Of the items we finally successfully procured, an alleged “Carolina pulled pork sandwich” was best, though the pork (in chunks, not pulled) was dry, colder than room temperature, and dripping with ketchupy barbecue sauce as well as sour cream. In fairness to Cheli’s, the latter concoctions were described on the menu, so we knew what we were in for. However, they’d have given any real North Carolina ‘cue purist a stroke.
The house salad sounded intriguing (“mixed lettuce with roasted beets in a balsamic vinaigrette”) but was iceberg, with a few cuke and tomato slices plus one jarred pickled pepper — no fresh beets. When I pointed out the crucial omission to our waiter, he grabbed the salad, saying he’d see if the chef would fix it. We never saw it again.
Onion rings, described as “sweet onions dipped in beer batter” turned out to be those preformed frozen circles of heavily breaded onion-flavored batter, with no actual ring of onion inside.

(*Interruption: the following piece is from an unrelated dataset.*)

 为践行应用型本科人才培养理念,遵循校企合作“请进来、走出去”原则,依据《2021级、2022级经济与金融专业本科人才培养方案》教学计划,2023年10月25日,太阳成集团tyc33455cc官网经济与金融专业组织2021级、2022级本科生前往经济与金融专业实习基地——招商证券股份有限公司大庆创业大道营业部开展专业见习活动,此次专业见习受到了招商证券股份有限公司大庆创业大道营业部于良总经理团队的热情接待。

“Real food” — in what fantasy world?
A Cuban sandwich, described as “extremely fresh and authentic,” was a disgusting mayonnaise-slathered sandwich of mediocre-quality ham and cheese on vaguely Cuban-like bread — no mustard, no pickles, and, most appallingly, no roast pork. Personally I don’t nitpick about whether the most authentic Cuban sandwich is the Tampa type (with salami) or the salami-free Miami model, but — dammit! — a “Cuban sandwich” without pork is not a Cuban sandwich. (At $4.55, it’s not cheap either.)
Seeking explanations, my Cuban-American dining companion asked to speak to the chef, who arrogantly insisted that the Cuban sandwich was authentic. There was no pork, he said, because “everyone is so afraid to get fat.” He also claimed that the breaded circles did contain rings of onion, though I crumbled several in front of him to prove they were pure batter. The deceptive menu? “We have different specials every day. You should have ordered one of them!” he yelled, outraged.

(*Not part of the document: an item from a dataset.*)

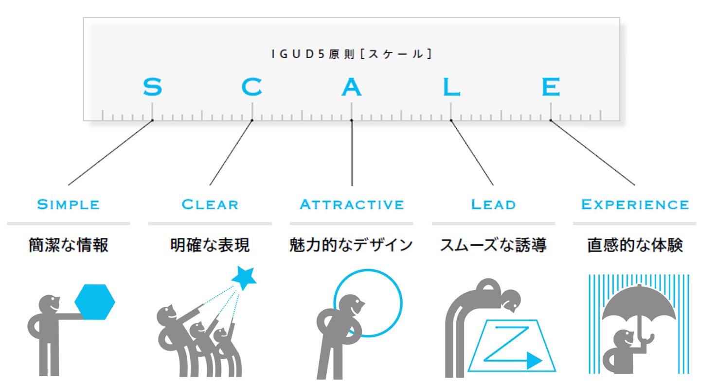 IGUDを測るための“ものさし”としてIGUD5原則「SCALE(スケール)」を策定。この基準に照らし合わせた「わかりやすい」デザインを実現します。

“No one mentioned any specials,” retorted one of my friends.
“Anyway, I ordered key lime pie, which is a special,” I added. “You don’t have it.”
“What is the matter with you people?” he barked. “Are you writers for some paper?”

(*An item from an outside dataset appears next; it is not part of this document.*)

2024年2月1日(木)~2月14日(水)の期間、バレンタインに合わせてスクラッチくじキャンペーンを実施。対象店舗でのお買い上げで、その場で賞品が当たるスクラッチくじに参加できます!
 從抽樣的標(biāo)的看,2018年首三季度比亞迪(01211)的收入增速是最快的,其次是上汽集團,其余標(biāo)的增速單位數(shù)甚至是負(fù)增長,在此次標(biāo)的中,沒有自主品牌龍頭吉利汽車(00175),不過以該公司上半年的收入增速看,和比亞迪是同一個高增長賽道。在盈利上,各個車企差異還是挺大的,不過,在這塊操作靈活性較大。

So only food critics would be picky enough to find fault with menus full of food diners can’t order, fake Cuban sandwiches, and so on … right? Heh. I think Miamians might surprise the fellow. Anyone want to bet that within a year there’ll be a nice vacant space on 44th Street, in which some chef who truly respects real food — and real people — will, with luck, open the cheap-eats jewel Cheli’s could have been?